- Восемьдесят пять тысяч, товарищ лейтенант. Сразу? На все? Под корень срезать думаете?
- Я сказал: иду на все!
- Выиграть думаете?
- Надеюсь.
"Но ведь ему все равно - выиграет он или не выиграет", - подумал Никитин и посмотрел с томящим угадыванием на Гранатурова, на Галю; он чувствовал явную нарочитость, мешающую угловатость разговора между Княжко и комбатом, но хорошо знал, что в противоположность Гранатурову Княжко не умел притворяться безобидным балагуром, отходчивым, свойским парнем, чтобы по необходимости обстоятельств нравиться другим и нравиться самому себе. Это была его сила и его слабость.
"Неужели и здесь он волю испытывает?"
Он несколько раз видел, как в первоначальные минуты танковых атак Княжко с упрямо-твердым выражением лица стоял около орудий в полный рост, стоял минут пять, не пригибаясь при близких разрывах, визжащих осколками над головой, и, лишь бледнея, смотрел на вспышки танковых выстрелов, точно этим необъяснимым и бессмысленным риском на виду всего взвода испытывал судьбу. Необъяснимее было то, что, уже спрыгнув в командирский ровик, он почти гневно кричал по телефону, чтобы расчеты не маячили перед танками пристрелочными манекенами, после чего говорил Никитину, что теперь убил в себе зайца, - и внешне был спокоен до исхода боя.
- Я пойду, я прощаюсь с вами, артиллеристы, - неустойчивым голосом сказала Галя и развернула конвертиком сложенную плащ-палатку, накинула ее на плечи. - Гранатурова я оставляю.

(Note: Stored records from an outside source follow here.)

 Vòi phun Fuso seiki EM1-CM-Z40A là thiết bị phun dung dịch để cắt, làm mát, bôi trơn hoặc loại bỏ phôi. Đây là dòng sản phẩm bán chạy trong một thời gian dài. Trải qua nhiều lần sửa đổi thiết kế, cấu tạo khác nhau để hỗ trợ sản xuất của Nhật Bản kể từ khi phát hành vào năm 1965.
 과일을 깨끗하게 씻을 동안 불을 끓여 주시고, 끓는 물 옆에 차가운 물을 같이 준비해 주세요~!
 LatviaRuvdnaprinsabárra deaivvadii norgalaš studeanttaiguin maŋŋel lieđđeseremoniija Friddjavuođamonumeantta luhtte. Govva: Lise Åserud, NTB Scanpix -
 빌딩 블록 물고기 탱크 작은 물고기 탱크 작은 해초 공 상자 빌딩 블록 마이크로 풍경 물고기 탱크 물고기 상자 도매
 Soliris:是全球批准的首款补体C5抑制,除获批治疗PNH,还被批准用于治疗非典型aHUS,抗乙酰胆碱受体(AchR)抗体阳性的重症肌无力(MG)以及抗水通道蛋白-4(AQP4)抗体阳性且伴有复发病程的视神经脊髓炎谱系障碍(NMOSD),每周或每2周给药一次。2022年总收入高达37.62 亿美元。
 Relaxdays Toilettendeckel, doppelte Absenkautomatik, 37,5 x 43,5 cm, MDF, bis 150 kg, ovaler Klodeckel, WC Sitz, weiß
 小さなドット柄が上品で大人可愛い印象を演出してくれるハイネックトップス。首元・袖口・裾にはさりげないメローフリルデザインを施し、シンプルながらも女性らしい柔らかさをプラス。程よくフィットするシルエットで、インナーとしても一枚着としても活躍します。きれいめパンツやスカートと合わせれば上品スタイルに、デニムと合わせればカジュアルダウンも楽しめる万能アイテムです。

Все будет в порядке. Медсанбат недалеко.
- Галочка! - вскричал Гранатуров с шутовским страданием. - Что же вы с нами делаете? Красивая русская... одна ночью? В чужом городе?

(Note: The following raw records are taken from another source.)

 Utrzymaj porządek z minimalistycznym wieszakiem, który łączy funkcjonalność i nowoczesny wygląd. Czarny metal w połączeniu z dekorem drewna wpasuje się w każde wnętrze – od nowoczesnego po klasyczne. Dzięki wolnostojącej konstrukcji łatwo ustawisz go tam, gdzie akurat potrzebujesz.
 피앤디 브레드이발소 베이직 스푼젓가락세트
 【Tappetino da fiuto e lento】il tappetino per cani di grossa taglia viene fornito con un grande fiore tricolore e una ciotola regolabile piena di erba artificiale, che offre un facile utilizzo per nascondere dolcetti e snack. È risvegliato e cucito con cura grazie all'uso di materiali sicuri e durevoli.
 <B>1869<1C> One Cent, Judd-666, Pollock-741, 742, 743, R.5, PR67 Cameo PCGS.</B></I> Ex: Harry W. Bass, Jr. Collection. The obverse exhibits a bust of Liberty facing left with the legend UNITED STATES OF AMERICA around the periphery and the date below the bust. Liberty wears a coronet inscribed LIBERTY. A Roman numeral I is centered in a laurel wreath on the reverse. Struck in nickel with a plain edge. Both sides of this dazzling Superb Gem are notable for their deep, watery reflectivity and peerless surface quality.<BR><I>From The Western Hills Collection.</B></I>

- Я ничего не боюсь, Гранатуров. Немцы не насилуют русских врачей. Спокойной ночи, артиллеристы.
Это "спокойной ночи" было обращено ко всем, и Никитин, страстно желая сейчас, чтобы Княжко взглянул на нее, оторвался от этой не имеющей смысла игры, сказал что-нибудь, наконец, просто кивнул бы ей, увидел его ничего не выражающие глаза, непроницаемо нацеленные на карты, которые с оттяжкой выбрасывал перед ним в одержимом самозабвении Меженин. Лейтенант Княжко словно не расслышал ернического баса Гранатурова, не расслышал насмешливого ответа Гали - он прямо сидел за столом, аккуратный, способный мальчик, затянутый в подогнанную офицерскую форму и окутанный сигаретным дымом, зеленый свет абажура блестел на его чистоплотно зачесанном косом проборе, на тугой портупее, на серебряных звездочках новеньких, надетых после Берлина погон.
- Приходите к нам, Галя, - сказал Никитин, внезапно раздражаясь на Княжко, и проводил ее до двери.
Она приостановилась, завязывая тесемки плащ-палатки, темный треугольник волос, свисавший из-под пилотки, резко оттенял ее белую щеку, губы дернулись виновато и скорбно, и голос ее был негромок, пересиленно ровен, низок:
- Только вы единственный меня здесь любите, лейтенант.
И он понял, что она вкладывала в слова не прямое значение, а нечто иное - грустное, дружеское, благодарное, и, поняв, нахмуренный, неловко открыл дверь в коридор.
- Мы рады, когда вы приходите к нам, Галя.
- О, какая очаровательная псина! Откуда это? - воскликнула она в дверях и, распахивая полы плащ-палатки, наклонилась, стремительно подхватила на руки ободранную заспанную кошку, клубком свернувшуюся за порогом темного коридора, где из глубины комнат доносился храп солдат. - Это чья? Немецкая? Какая прелесть! Сто лет я не видела таких дурнушек!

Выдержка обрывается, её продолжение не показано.